どこかに出かけるのだろうか。つばの広い帽子を被り、腕にはバッグを掛けている。
直接オルネラのことを知るチャンスだと、終夏は道に迷ったふりをして話しかけてみた。
「こんにちは。すみません、少しお伺いしたいのですが……ミルムって名前の建物、どちらにあるかご存知ですか?」
「ミルムと言うと、絵本が置いてある処でしょうか。でしたらこの道を進んで行って……」
「やー良かった。それなら、是非連れて行って下さい!」
説明を始めたオルネラを、終夏は大きめの声で遮る。
「え、道はそんなに難しくは……」
「さあさあ行きましょう行きましょう、あっはっは」
有無を言わせず促すと、オルネラはそれなら、と先に立って歩き出した。すたすたと運ぶオルネラの足は案外速い。脇目もふらずに歩いている所為なのかも知れない。

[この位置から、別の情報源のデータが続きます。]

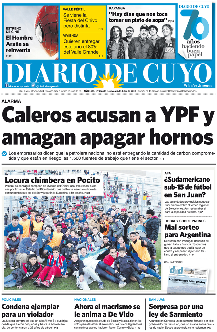 Diario de Cuyo | HOME | Noticias Tapa Edición 6 de Julio de 2017 Por Redacción Diario de Cuyo 05/07/2017 · 0:00 Escuchar la noticia Escuchar la noticia Your browser doesn’t support HTML5 audio Ver los comentarios ›

周囲はこんなに春の景色なのに、と終夏がその余裕の無さを寂しく思っているうちに、オルネラはミルムの前までやってきた。
「ここがミルムです」
「ありがとうございます。折角ですから少し寄ってみませんか」
このまま中まで、と思ったのだが
「いいえ。わたくしは他に用事がありますので失礼します」
オルネラはきっぱりと断って踵を返した。
その背を見送りつつ、終夏は思う。自分のペースを頑なに崩さないあの姑に対抗するのは、相当大変なことだろうと。